Cuyo origen nos cuenta con andaluza gracia el P. Coloma en sus Recuerdos de Fernán Caballero,atribuyéndolo a un viejo vendedor de langostinos, el señó Miguelito Román, que fue quien largo rato después de haber caído la primera bomba, se atrevió a acercarse a ella, y como con un leve empuje del píe el casco se desmembró en tres o cuatro pedazos, quedó al descubierto la masa de plomo que contenía, y levantándola trabajosamente con ambas manos, dijo el vendedor de langostinos a los del corro que se había formado: “¡Anda! ¡Pá Tirabuzones!”, que así se llamaban los rizos que entonces gastaban las mujeres, y para formar los cuales sujetaban el pelo con pedacitos de plomo. Tuvo mucha gracia la ocurrencia del viejo, y ella hubo de ser, sin duda, la inspiración del poeta anónimo autor de la copla.

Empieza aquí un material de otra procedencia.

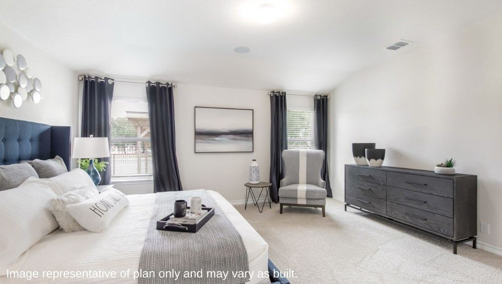 Introducing The Lombardi, a two-story home featured in our High Garden community in Comfort, TX. This floor plan offers 3 classic front exteriors, and a 2-car garage. Inside this 5 bedroom, 2.5 bathroom home, you'll find 2539 square feet of open-concept living. A deep-set, covered porch (per plan) opens to a foyer, formal dining room, and powder room. A butler entry connects the dining room and spacious kitchen lined with abundant cabinetry and quartz-top counterspace. Classic white subway tile backsplash and stainless steel appliances are a perfect accent, and a kitchen island with a deep single basin kitchen sink faces the living room. The private main bedroom suite is located off the living room and features a luxurious garden bath tub, a separate walk-in shower with tile surround, double vanity sinks, ceramic tile flooring, a separate door for the toilet and a large walk-in closet. Head up the stairs and tour the second floor of your brand new home! A versatile loft area greets you at the top of the stairs, complete with quality carpet and tons of natural light. Your four secondary bedrooms are located off the loft and include carpet flooring and spacious walk-in closets. Additional features include 9-foot ceilings, 2-inch faux wood blinds throughout the home, luxury vinyl plank flooring in the entryway, living room, kitchen, and dining room, ceramic tile at all bathrooms and utility room, pre-plumb for water softener loop, and more! You'll enjoy added security in your new home with our Home is Connected features. Using one central hub that talks to all the devices in your home, you can control the thermostat and locks, all from your cellular device.

De las granadas que disparaba el enemigo daban aviso a la población las campanas de los conventos de Santo Domingo, la Merced y San Francisco. En la campana mayor del último de dichos conventos vino a estrellarse una bomba, sin causar el menor daño al novicio encargado de hacer la señal Fray José Fernández, el cual, divisando otro fogonazo, se dirigió a otra campana llamada de la Amargura, porque daba a la calle de este nombre, y siguió dando avisos con la mayor serenidad. Esta escena fue observada por el embajador inglés Henry Wellesley desde el balcón de su casa, que mandó llamar al novicio felicitándole por su valentía y obsequiándolo con una onza de oro.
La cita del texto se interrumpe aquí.